A few years ago, I had a very rough day. I was going to work that morning the same as always. There was a street between the parking garage and the building where I worked that I hated crossing, even though there was a streetlight, a cross walk, and even a pedestrian light.
The local bus station was on that same corner and buses were constantly pulling out and turning right on red. Some of them didn’t seem to know that pedestrians in a cross walk have the right of way, or else they got bonus bucks for hitting people.
The city streets were rough with cracks and patches in the asphalt that you had to walk around while watching for cars that might not stop, buses turning the corner and making sure that the pedestrian walk light was on green.
What this is all leading up to, as you may have guessed from the title, is the prat fall. It was not for the comic effect, believe me. The only good part was that I made it across the street before my grand performance or I probably would not be here to talk about it.
I thought I was being careful, but somehow, I managed to stumble on a crack and before I knew what was happening, the sidewalk was coming up to slap me in the face.
“Yikes,” I thought, as I lay on the sidewalk looking at the concrete. “I’ve fallen down.”
I sat up on the sidewalk and waited for laughter and applause.
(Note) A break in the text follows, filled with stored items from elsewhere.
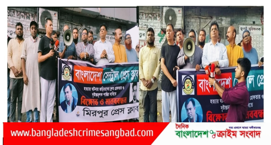 গাজীপুরে দৈনিক প্রতিদিনের কাগজ পত্রিকার সাহসী সাংবাদিক আসাদুজ্জামান তুহিন কে নির্মমভাবে হত্যা এবং দৈনিক বাংলাদেশের আলো পত্রিকার গাজীপুর প্রতিনিধি সাংবাদিক আনোয়ার হোসেন-এর ওপর মধ্যযুগীয় কায়দায় বর্বরোচিত হামলার প্রতিবাদে রাজধানীর মিরপুরে বিক্ষোভ ও মানববন্ধন কর্মসূচি পালন করেছে বাংলাদেশ সেন্ট্রাল প্রেস ক্লাব (B.C.P.C)।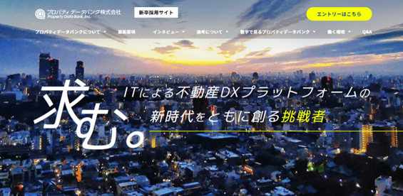 プロパティデータバンクでは今後の事業拡大を見据えた組織基盤の強化及び雇用創出への取り組みとして採用を強化していく方針としており、新卒についても活性化すべく、新卒採用サイトのリニューアルにいたりました。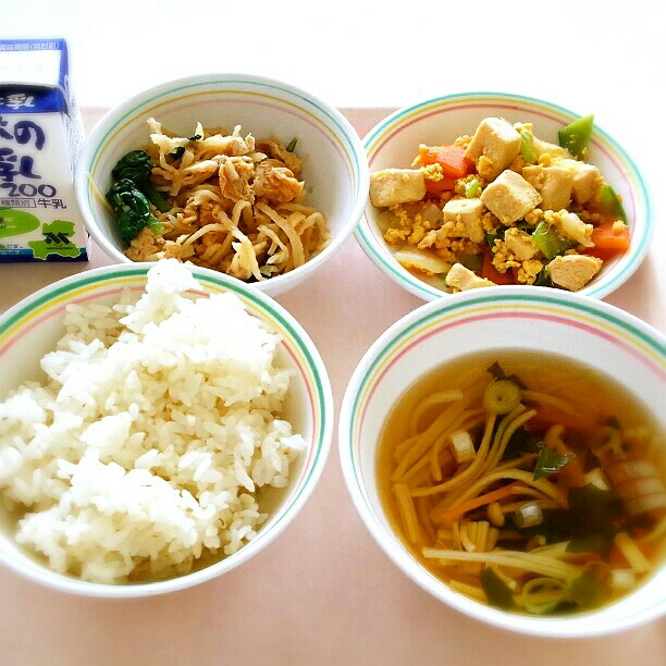 ようこそ桜尾小学校ランチルームへ。 今日もおいしい給食ですよ!!!
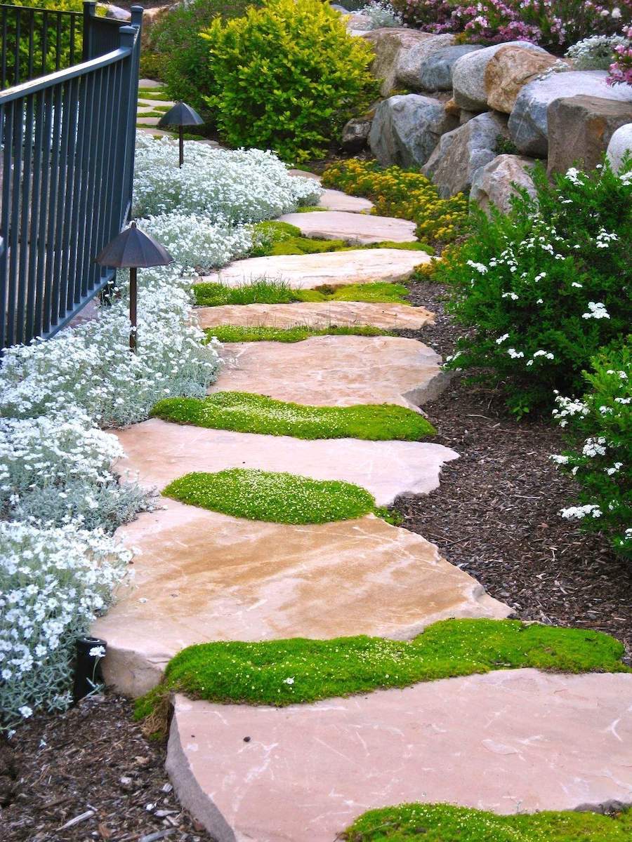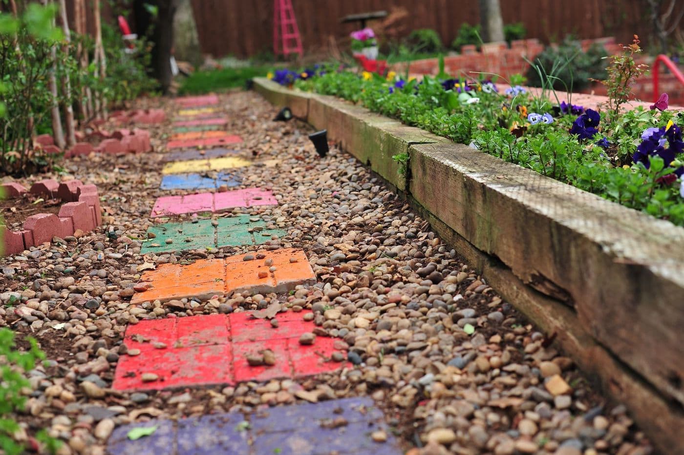 Разукрасив бетонную плитку и уложив ее на землю, можно получить оригинальную садовую дорожку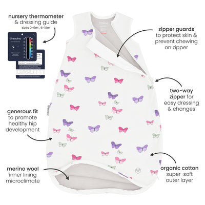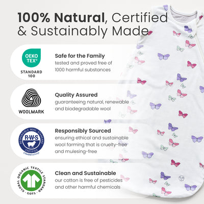 With Woolino, there is no need to worry. The exceptionally breathable Merino wool naturally regulates your baby's body temperature, which helps your child to sleep safely and comfortably through the night. It gives you peace of mind and a good night's sleep, too.

Crashing with a city sidewalk isn’t funny, apparently, as no one was laughing. My purse and lunch bag had gone one direction and my Big Bubba coffee cup the other. Coffee was running all over the sidewalk – not that I cared about coffee at that point.
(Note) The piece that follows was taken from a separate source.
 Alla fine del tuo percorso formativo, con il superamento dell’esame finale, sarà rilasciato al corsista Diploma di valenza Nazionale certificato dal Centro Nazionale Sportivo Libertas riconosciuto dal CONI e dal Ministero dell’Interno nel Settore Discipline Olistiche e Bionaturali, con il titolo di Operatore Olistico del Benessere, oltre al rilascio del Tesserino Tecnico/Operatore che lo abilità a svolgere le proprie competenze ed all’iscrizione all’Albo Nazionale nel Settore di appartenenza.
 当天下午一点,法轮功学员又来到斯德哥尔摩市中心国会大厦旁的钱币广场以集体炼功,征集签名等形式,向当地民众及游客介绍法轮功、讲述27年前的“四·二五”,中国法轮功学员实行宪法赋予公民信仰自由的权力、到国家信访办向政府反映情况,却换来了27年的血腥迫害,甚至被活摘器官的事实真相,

When something like this happens in the city, people pretend that they don’t see you. They probably think you are drunk or on drugs and do not want to get involved.
Luckily for me, however, a kind man stopped. I think he was a street person.
“Are you okay?” he asked.
“I think so,” I replied. I couldn’t half see as my glasses were knocked lopsided. I didn’t know if I could get up or not. Too bad no one made a video. My act would go viral on YouTube.
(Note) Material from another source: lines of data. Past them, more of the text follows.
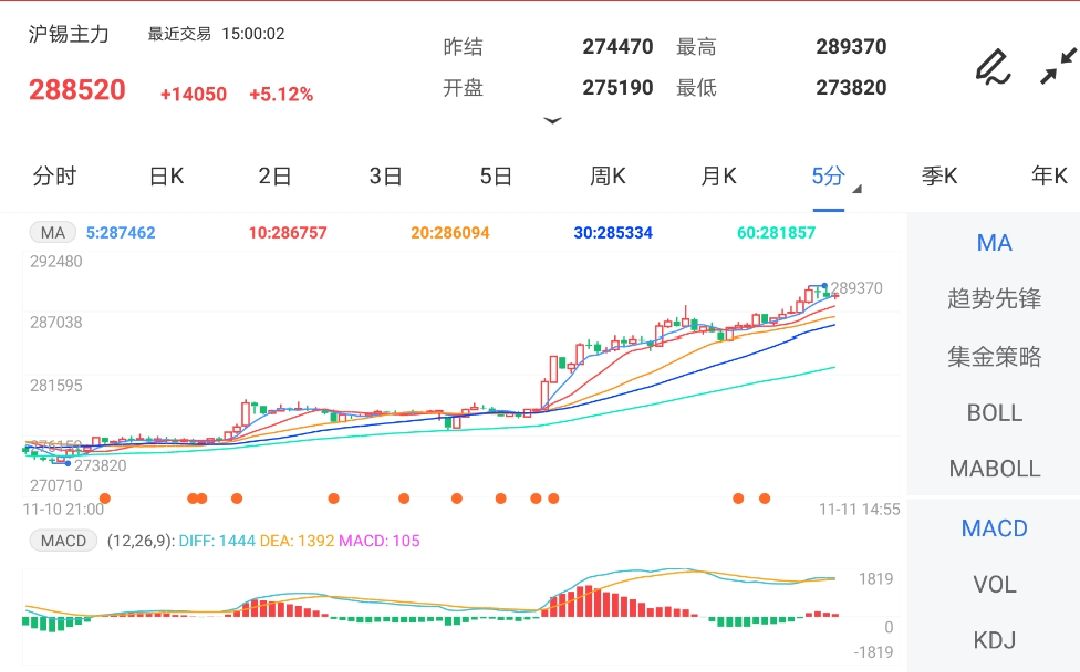 11月11日期货软件走势图综述:沪锡期货主力涨512%金投网APP行情中央数据显示,截止2021年11月11日下昼15:00收盘,沪锡期货主力合约行情讯息:最新价:288520,涨跌:14050,涨跌幅:5.12%,成交量:80563手,开盘价:275190,昨收价:275690,最高价:289370,最低价:273820。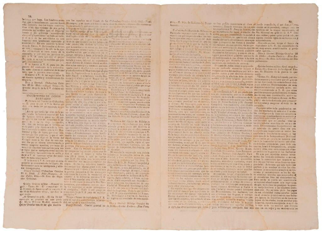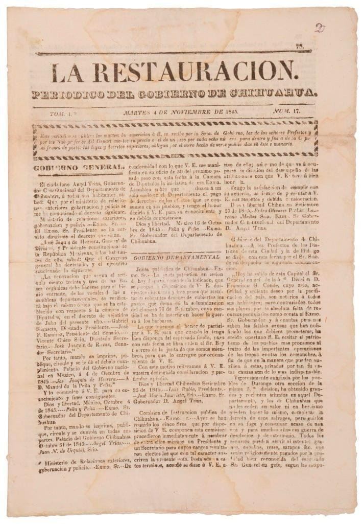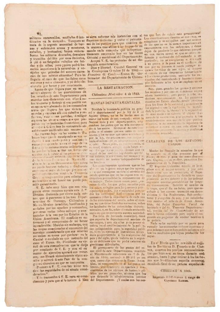 8.75" x 12.5". Mexican "La Restauracion" publication by the Government of the State of Chihuahua. Discusses the deployment of military troops against Comanche and Apache raiders, as well as encouraging volunteers to join the campaign. Includes English translation. **Good condition overall. Some minor water stains with some wear to corners and edges of document.** $100-$300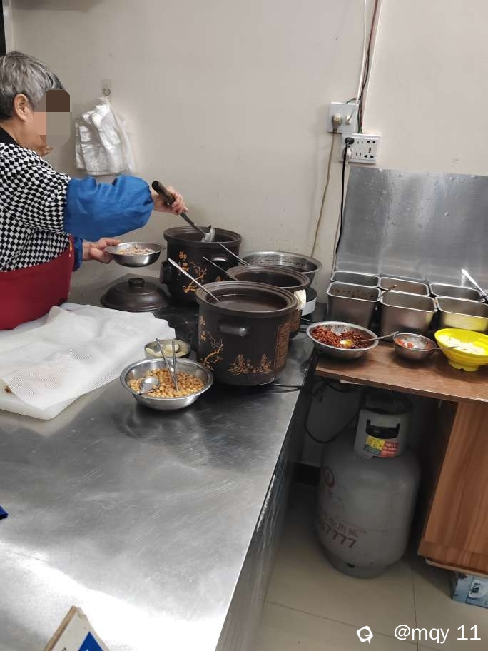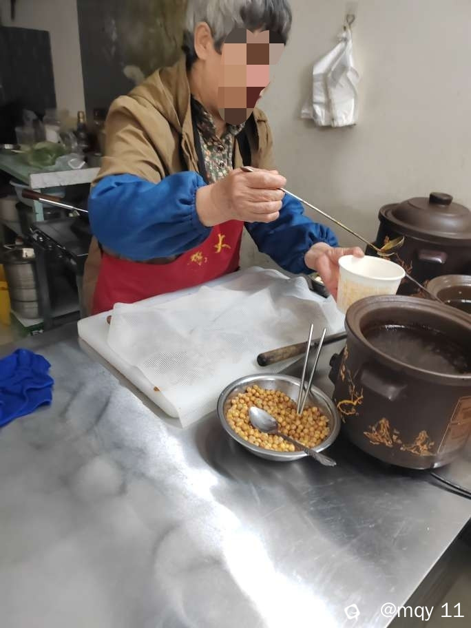 店面不大,材料都是婆媳两人轮流制作,早上媳妇四点起来,备料,熬汤,老人家六点半左右过来开门。

The man was still standing there. He seemed not to know what to do.
“Would you mind helping me get up?” I asked.
He held out his arm and, I was able to stand up, actually easier than I expected.
“I’m okay,” I lied, picking up my purse and lunch bag. I wondered if he liked my comedy act, but I was too rattled for polite conversation.
“Don’t forget your coffee, mum,” said the man, still trying to be helpful but not knowing how.
I thanked him and went on to my office, where I could set down and check out the damage. I straightened out my lopsided glasses the best I could. One of the lenses was badly scratched from hitting the concrete and I would need new glasses.
I decided I was going to live. If breaking my glasses is the worst thing that happened, I could consider myself lucky.
I called Honey on the phone for sympathy. “Do you need to go the emergency room?” he asked.
“I guess I’m okay.” I said, holding an ice pack on my face, hoping I would not get a black eye.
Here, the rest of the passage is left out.